Task prompt —
Find the line with "یک نقاب دیگر" in the entries below, then output every line from it down to the line with "ಮಳೆಯಲ್ಲೂ ಮುಂದುವರೆದ ಟೊಯೋಟಾ ಕಾರ್ಮಿಕರ ಹೋರಾಟ", exactly and with no pictures.
--- Input records ---
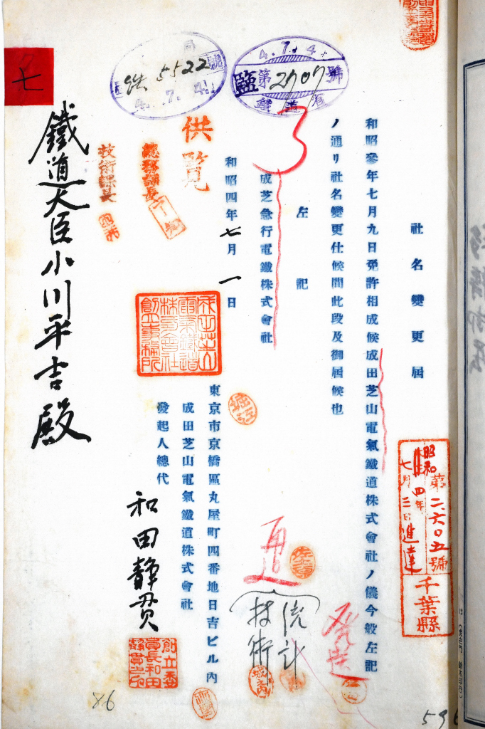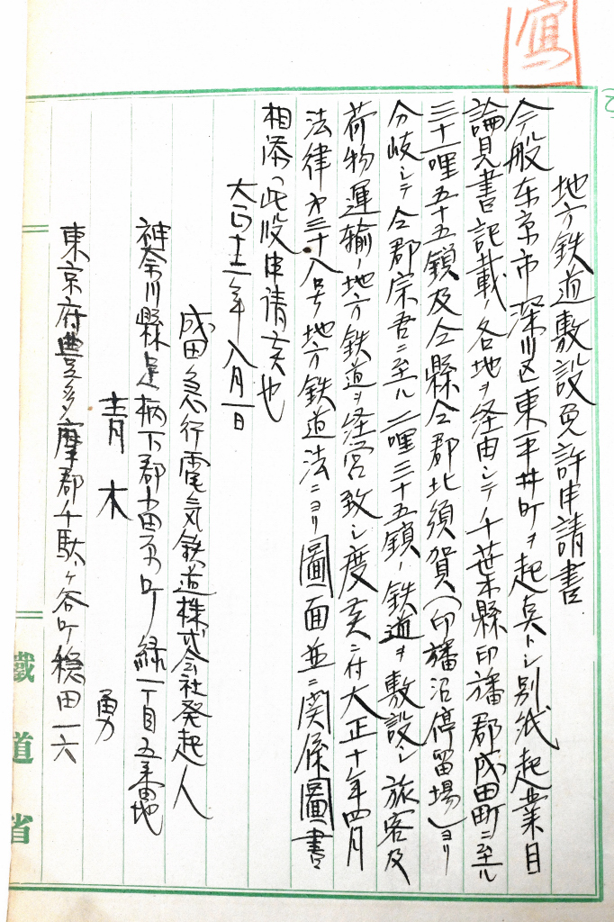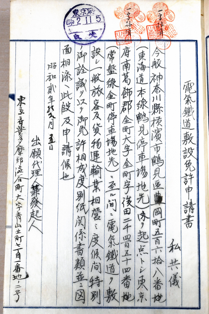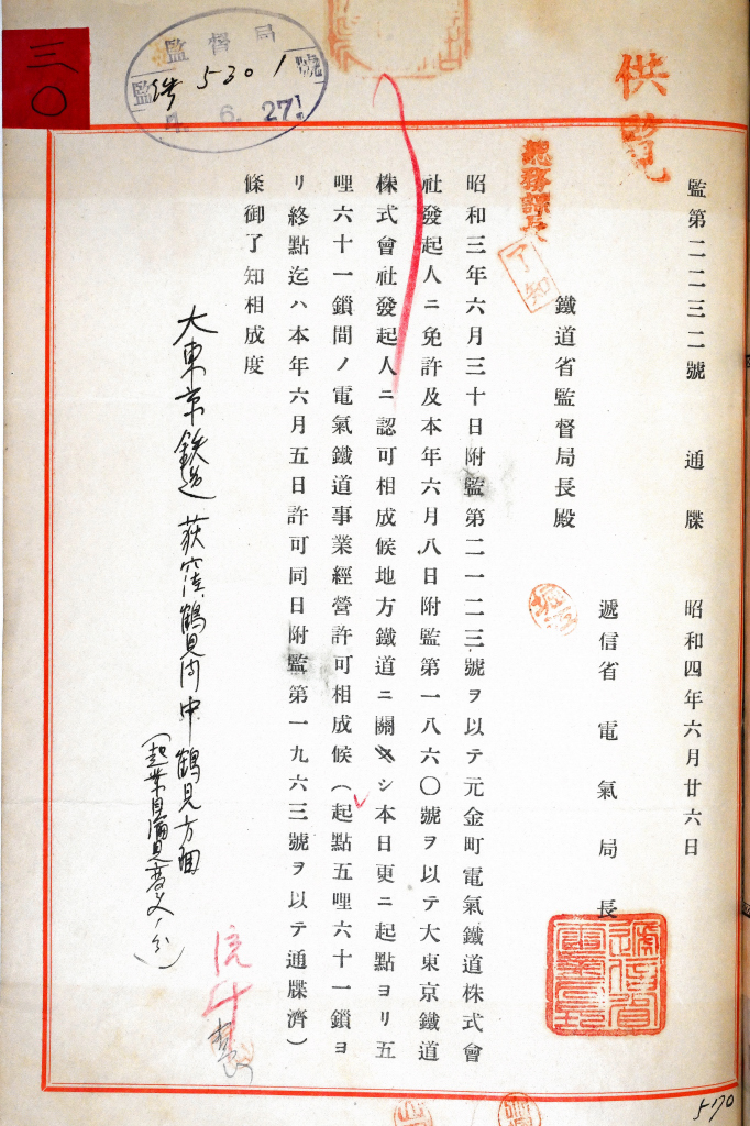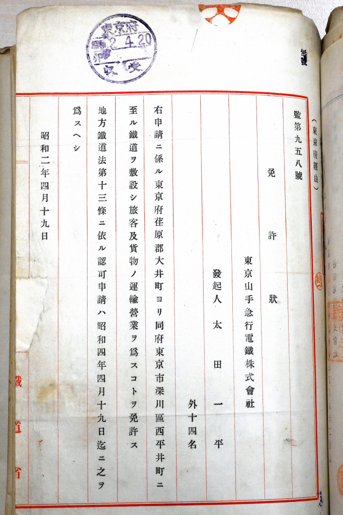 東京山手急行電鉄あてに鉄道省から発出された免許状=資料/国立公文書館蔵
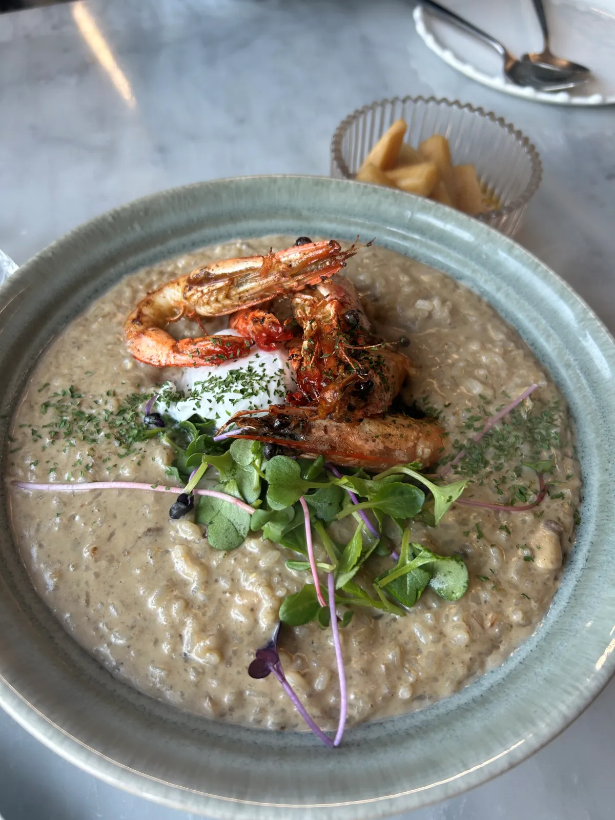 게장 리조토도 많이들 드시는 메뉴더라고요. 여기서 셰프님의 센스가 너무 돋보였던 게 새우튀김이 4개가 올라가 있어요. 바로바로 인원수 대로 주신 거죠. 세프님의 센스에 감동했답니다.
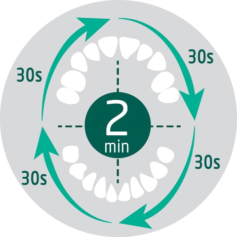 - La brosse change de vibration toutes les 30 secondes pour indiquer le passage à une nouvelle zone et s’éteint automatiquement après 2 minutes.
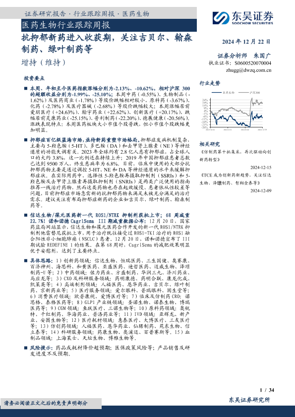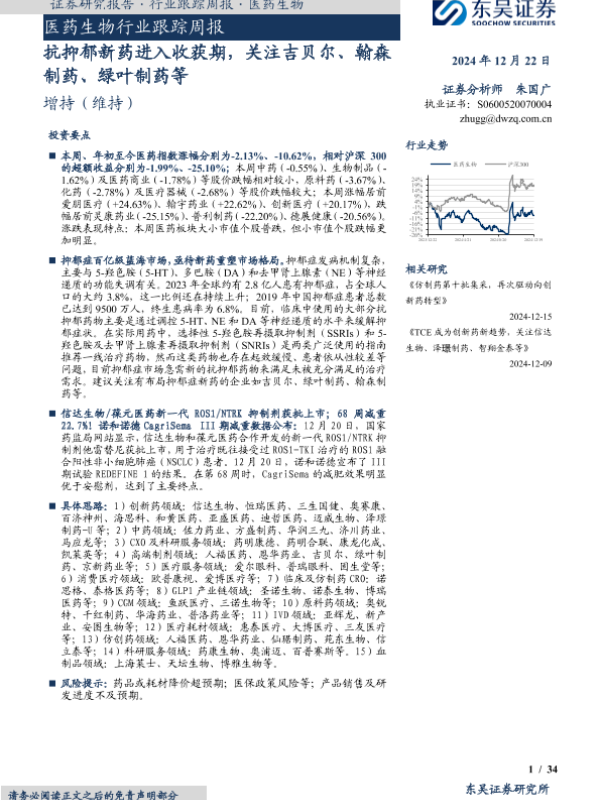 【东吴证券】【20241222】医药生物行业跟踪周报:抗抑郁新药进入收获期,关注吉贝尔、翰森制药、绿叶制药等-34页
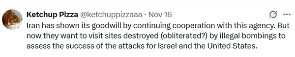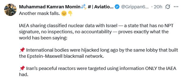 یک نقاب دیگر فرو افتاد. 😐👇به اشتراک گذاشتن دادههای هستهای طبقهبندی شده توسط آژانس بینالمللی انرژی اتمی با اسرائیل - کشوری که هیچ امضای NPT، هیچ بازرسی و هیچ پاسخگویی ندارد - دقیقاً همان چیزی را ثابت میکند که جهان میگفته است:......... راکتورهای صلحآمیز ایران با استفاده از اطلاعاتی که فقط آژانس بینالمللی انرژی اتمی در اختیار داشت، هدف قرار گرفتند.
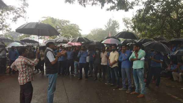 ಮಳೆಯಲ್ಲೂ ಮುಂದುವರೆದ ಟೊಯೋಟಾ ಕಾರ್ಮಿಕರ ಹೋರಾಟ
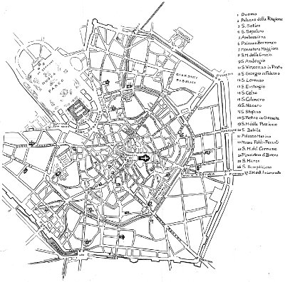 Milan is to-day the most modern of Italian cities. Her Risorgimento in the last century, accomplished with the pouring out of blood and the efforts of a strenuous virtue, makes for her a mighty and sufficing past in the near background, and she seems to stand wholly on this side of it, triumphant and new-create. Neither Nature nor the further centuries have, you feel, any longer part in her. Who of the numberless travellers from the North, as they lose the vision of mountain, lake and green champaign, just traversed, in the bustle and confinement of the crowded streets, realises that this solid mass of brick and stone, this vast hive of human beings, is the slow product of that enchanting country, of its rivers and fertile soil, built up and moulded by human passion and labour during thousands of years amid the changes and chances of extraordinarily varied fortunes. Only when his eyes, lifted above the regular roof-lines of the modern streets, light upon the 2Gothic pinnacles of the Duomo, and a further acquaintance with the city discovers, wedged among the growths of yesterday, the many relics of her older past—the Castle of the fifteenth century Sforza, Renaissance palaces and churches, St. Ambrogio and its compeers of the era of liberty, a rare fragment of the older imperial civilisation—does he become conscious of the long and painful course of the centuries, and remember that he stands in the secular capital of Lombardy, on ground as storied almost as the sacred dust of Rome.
---
--- Input records ---
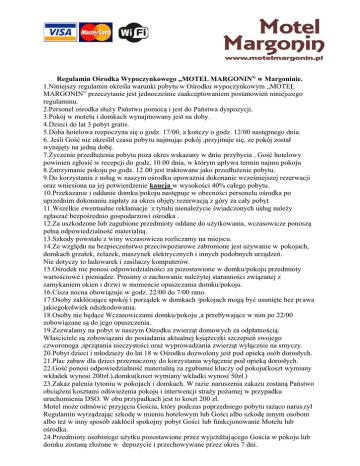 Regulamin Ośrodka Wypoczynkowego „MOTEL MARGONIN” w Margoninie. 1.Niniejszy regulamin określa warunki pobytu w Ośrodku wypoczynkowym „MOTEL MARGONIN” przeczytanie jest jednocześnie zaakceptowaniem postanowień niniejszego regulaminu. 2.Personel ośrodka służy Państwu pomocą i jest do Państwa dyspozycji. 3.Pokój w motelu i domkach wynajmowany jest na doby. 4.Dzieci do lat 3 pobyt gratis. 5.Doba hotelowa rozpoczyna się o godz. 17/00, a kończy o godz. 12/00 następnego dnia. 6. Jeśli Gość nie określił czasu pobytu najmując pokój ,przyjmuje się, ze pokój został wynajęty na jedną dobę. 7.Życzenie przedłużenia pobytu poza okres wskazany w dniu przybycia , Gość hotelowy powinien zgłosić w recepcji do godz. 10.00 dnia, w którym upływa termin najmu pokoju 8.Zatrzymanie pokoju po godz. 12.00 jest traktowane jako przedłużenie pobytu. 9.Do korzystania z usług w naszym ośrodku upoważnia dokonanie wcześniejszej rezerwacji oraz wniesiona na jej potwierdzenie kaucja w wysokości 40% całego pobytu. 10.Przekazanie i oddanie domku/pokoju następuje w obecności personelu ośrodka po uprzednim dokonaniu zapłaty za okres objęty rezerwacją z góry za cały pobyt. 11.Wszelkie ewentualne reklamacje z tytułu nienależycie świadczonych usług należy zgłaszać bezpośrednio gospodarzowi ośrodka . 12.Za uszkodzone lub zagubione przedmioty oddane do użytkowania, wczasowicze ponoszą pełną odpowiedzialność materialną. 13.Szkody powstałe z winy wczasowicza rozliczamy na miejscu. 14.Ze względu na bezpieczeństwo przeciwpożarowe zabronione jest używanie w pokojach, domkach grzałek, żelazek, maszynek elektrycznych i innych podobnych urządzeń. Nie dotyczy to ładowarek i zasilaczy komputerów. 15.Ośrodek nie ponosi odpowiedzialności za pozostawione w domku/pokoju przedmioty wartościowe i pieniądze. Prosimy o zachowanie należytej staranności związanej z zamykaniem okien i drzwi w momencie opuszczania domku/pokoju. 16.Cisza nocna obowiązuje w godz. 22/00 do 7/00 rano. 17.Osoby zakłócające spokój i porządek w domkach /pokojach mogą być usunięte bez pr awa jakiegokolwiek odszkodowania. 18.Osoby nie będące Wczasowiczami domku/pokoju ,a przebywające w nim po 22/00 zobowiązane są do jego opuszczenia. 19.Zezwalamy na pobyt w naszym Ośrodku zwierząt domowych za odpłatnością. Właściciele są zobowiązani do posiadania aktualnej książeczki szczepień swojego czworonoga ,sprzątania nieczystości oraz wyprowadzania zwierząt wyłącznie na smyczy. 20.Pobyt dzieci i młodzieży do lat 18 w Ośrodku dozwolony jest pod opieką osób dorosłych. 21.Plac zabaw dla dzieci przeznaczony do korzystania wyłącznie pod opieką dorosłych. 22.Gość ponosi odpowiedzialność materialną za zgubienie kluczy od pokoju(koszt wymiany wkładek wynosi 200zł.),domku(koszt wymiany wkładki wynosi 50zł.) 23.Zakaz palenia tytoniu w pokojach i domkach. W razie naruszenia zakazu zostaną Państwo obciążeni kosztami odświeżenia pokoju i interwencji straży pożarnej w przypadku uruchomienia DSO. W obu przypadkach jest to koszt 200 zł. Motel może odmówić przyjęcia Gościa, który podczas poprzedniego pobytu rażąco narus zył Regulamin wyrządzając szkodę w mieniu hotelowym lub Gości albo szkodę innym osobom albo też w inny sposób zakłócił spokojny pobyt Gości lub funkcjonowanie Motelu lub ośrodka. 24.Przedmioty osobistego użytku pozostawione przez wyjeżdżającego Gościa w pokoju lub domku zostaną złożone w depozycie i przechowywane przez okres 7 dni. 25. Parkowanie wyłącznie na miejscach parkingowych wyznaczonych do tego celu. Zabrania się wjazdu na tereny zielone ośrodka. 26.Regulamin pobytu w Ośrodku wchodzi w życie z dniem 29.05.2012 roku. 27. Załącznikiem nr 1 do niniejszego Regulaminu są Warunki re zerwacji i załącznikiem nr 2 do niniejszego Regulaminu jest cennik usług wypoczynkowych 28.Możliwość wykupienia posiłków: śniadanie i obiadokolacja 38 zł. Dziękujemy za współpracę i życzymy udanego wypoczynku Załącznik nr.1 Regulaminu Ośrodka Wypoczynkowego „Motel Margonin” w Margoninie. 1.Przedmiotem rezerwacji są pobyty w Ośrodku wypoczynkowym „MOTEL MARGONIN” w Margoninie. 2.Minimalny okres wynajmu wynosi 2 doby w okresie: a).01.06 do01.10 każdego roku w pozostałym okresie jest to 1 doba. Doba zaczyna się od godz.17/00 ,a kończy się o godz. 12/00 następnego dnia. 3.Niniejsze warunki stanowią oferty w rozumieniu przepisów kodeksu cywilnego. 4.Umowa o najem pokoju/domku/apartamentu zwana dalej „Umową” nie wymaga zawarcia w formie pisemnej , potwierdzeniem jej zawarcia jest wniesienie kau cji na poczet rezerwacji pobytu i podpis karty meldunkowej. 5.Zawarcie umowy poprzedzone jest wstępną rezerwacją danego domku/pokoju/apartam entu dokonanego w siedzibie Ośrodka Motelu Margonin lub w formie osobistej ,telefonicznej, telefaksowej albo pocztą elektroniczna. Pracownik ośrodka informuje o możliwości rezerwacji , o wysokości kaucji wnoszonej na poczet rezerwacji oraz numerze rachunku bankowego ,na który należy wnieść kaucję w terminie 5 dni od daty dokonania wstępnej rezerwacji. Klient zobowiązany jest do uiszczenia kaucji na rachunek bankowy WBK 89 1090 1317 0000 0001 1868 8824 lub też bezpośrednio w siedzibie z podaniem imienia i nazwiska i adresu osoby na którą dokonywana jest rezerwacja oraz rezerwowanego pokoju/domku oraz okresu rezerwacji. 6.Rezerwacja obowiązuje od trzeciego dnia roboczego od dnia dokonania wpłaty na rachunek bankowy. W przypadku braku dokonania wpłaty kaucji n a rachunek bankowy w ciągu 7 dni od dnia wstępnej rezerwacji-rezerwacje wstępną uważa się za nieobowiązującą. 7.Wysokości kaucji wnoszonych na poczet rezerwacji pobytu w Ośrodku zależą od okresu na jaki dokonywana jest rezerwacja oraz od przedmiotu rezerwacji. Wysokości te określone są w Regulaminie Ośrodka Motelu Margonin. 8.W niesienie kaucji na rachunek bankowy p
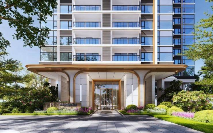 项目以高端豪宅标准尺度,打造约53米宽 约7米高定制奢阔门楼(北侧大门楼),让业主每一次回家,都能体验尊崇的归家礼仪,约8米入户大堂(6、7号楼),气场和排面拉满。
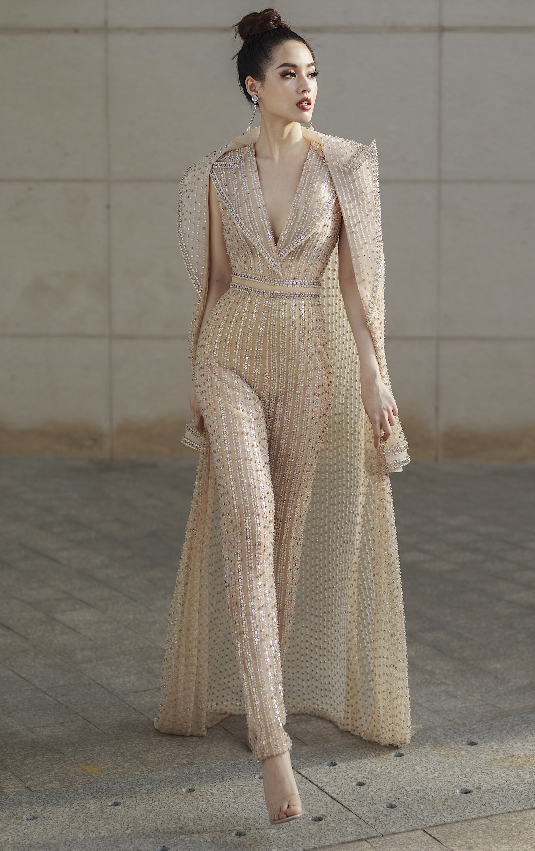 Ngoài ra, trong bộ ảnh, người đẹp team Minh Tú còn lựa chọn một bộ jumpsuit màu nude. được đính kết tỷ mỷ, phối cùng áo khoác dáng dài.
---
Exercise solution —
 یک نقاب دیگر فرو افتاد. 😐👇به اشتراک گذاشتن دادههای هستهای طبقهبندی شده توسط آژانس بینالمللی انرژی اتمی با اسرائیل - کشوری که هیچ امضای NPT، هیچ بازرسی و هیچ پاسخگویی ندارد - دقیقاً همان چیزی را ثابت میکند که جهان میگفته است:......... راکتورهای صلحآمیز ایران با استفاده از اطلاعاتی که فقط آژانس بینالمللی انرژی اتمی در اختیار داشت، هدف قرار گرفتند.
 ಮಳೆಯಲ್ಲೂ ಮುಂದುವರೆದ ಟೊಯೋಟಾ ಕಾರ್ಮಿಕರ ಹೋರಾಟ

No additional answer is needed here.